The outbreak began in the Valencian Community and spread to neighbouring territories. In the Valencian Community, the provinces affected were Valencia (4.9 cases/100,000 population) and Castellón (2.5 cases/100,000 population). In the region of Catalonia, the province of Tarragona (1.8 cases/100,000 population) had several cases. One case from Asturias (0.1 case/100,000 population) and one case from the Community of Madrid (< 0.1 case/100,000 population) were also reported.

The epidemiological investigation revealed transmission chains with nosocomial, intrafamilial and community transmission. The index case was hospitalised at a healthcare centre (Centre A) 1 day after developing symptoms. Two children, as well as a healthcare worker, were exposed to the case in the hospital’s emergency waiting room at Centre A and developed a rash in the 12 days following. More patients, visitors and healthcare professionals were affected. Other healthcare centres and personnel were consequently affected because of infected patients or infected personnel visiting different health centres within the same region, adding to a total of 108 cases in this chain by mid-July 2018.

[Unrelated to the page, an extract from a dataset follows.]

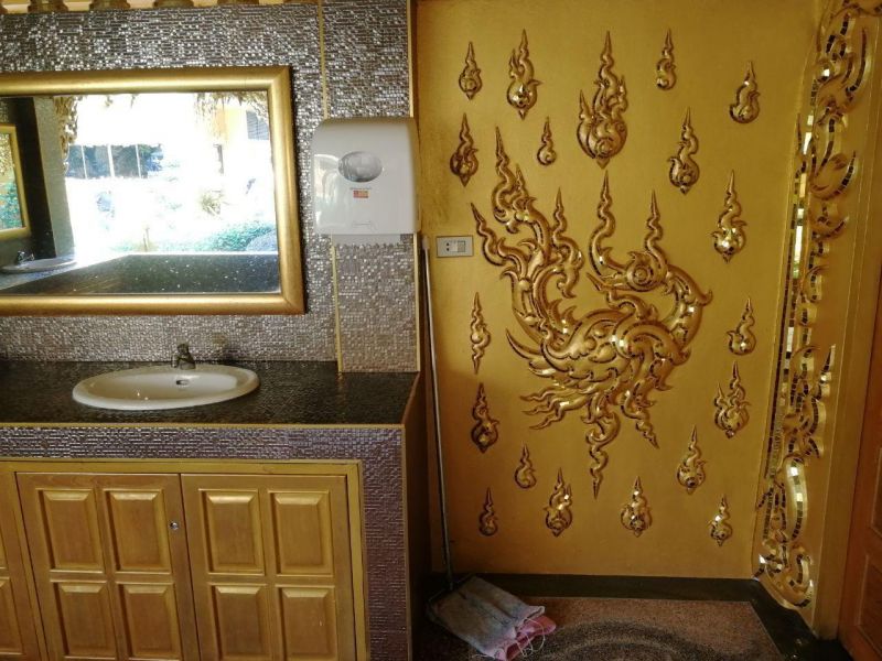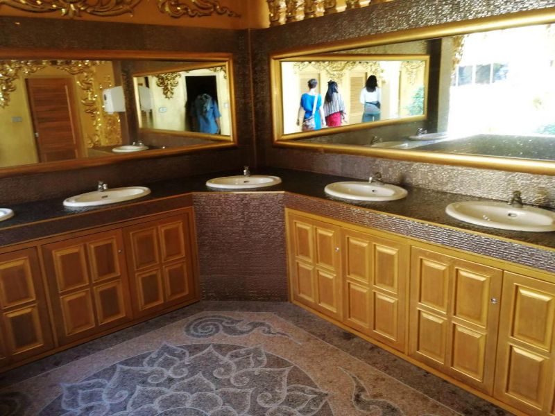 Ведь этот небольшой дворец – общественный туалет. Вполне современный изнутри. Золотых унитазов там, правда, нет, а вот отделка и впечатляет.

Another chain with prominent hospital transmission comprising 14 cases was identified in Tarragona in March 2018. The primary case, who was also identified retrospectively, accompanied a family member to Centre A in Valencia in mid-February 2018, where they were exposed to a measles case. Upon return to Tarragona, the patient developed symptoms later in March 2018 and visited a hospital the following day. This event resulted in the initiation of a transmission chain in that healthcare setting (Centre B); eight cases were hospital staff.

Another transmission chain with 14 cases was detected in Castellón and involved children and employees at a kindergarten, healthcare-associated cases, as well as community cases. The primary case, who was identified retrospectively, had been hospitalised in Centre B in Valencia. In total, this chain affected six infants and children: of these, three were less than 1 year of age and therefore unvaccinated. The primary case was 1 year old, but vaccination had been postponed because of health problems; the case had unvaccinated siblings under the age of 5 years.

The outbreak investigation also revealed intrafamilial transmission among unvaccinated members of a Roma community (n = 15 cases) in Valencia. It was not possible to be linked with a confirmed measles case nor a healthcare centre.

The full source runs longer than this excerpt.